The hard truth, however, is that a once-strong bipartisan consensus on aid to Ukraine remains strong. In an extraordinary letter, a group of US diplomats stationed in the Indo-Pacific region urged congressional leaders on Monday to pass legislation that would include aid to Taiwan, saying America's credibility with its strategic partners is on the line.

For months, many in the White House and abroad have followed conventional wisdom and assumed that the combined will of a handful of like-minded congressional leaders, National Security Council chiefs and the president would be enough to push new funding for Ukraine across the finish line. .

But a quiet GOP voter base is dead set against sending another round of taxpayer money to Ukraine, and Republicans, especially in the slim majority of the House, are flexing their muscles to resist any real movement.

Rep.

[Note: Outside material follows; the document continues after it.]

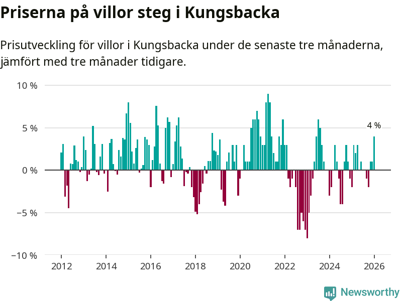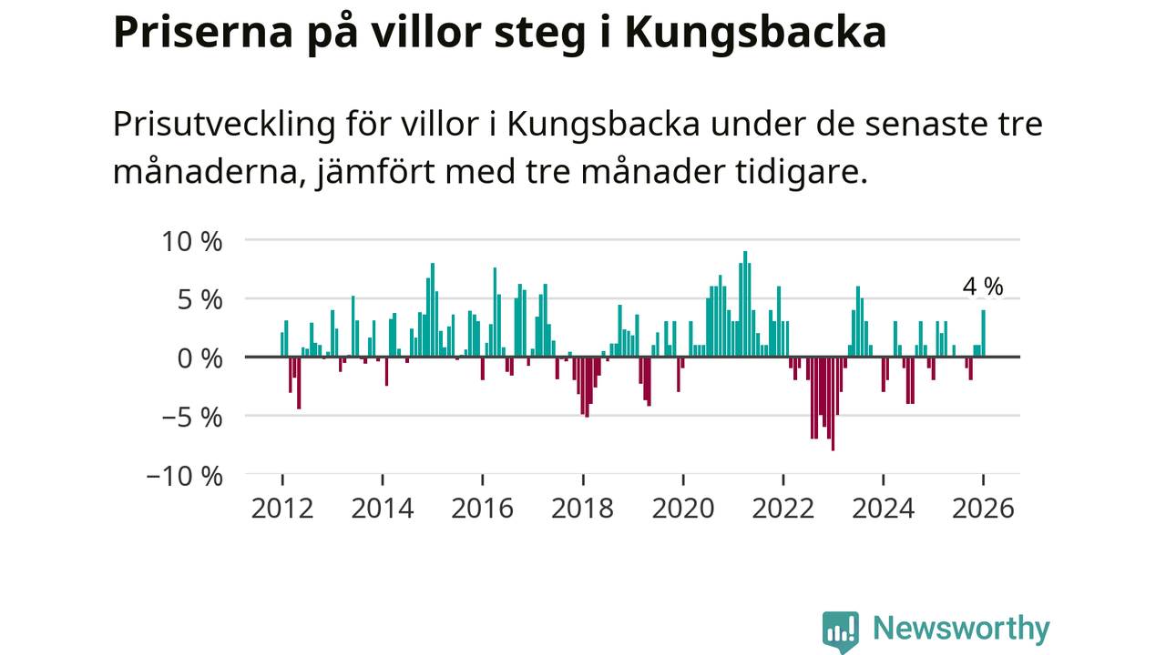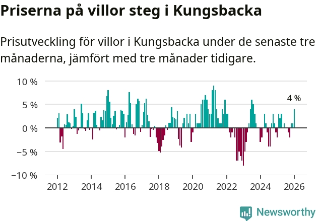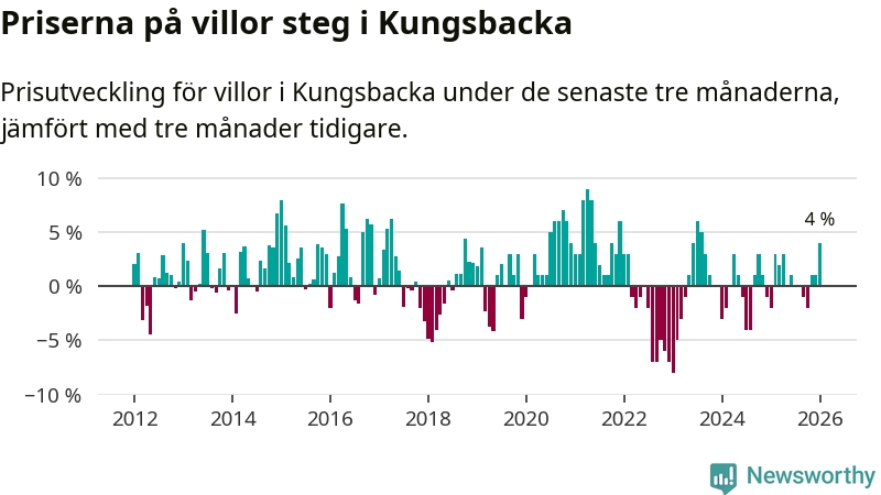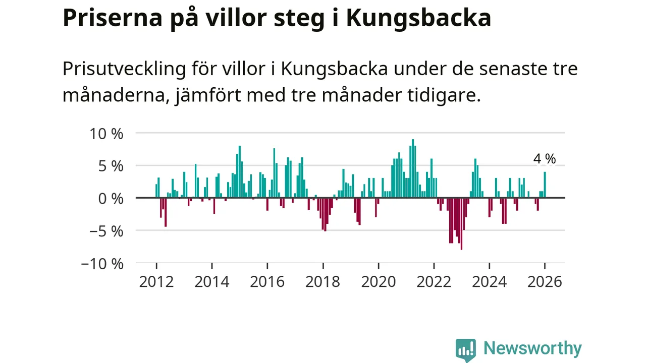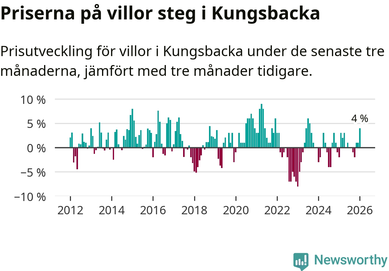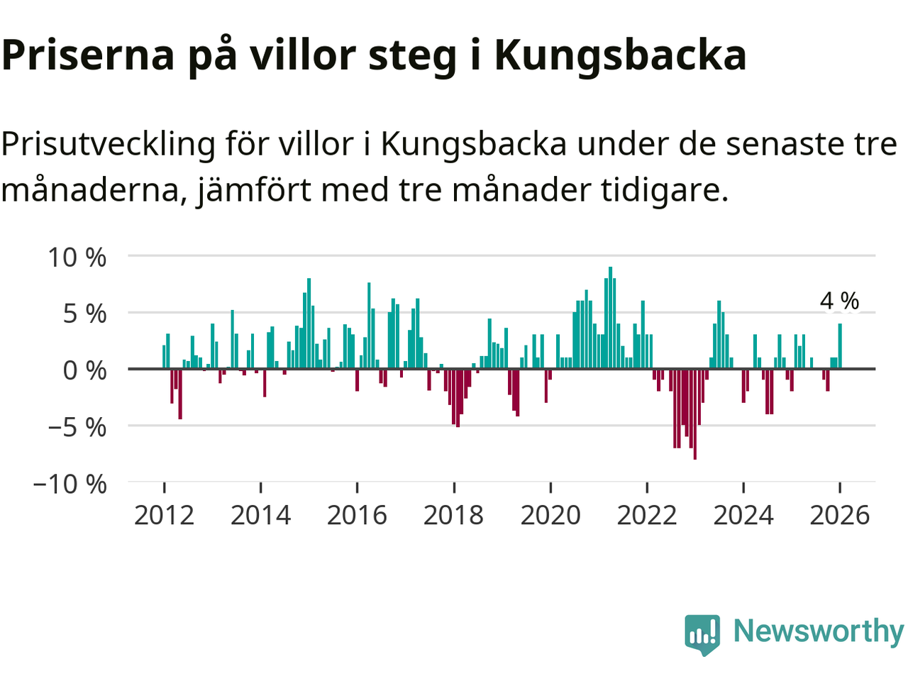Villapriserna har gått upp i Kungsbacka kommun. Medelpriset på försäljningarna under de senaste tre månaderna visar på en uppgång med 4 procent.

Matt Gates, Republican of Florida and a Trump ally, took to social media to cheer Tuesday morning after reports indicated there was no clear path to congressional approval of aid to Ukraine and Israel. He quoted a line from the movie “Apocalypse Now”: “I love the smell of napalm in the morning!”

Reporting contributed Katie Rogers, Erica L. Green, Carl Hulse, Karoon Demirjian, Jolan Kanno-Youngs And Michael D. Sheer.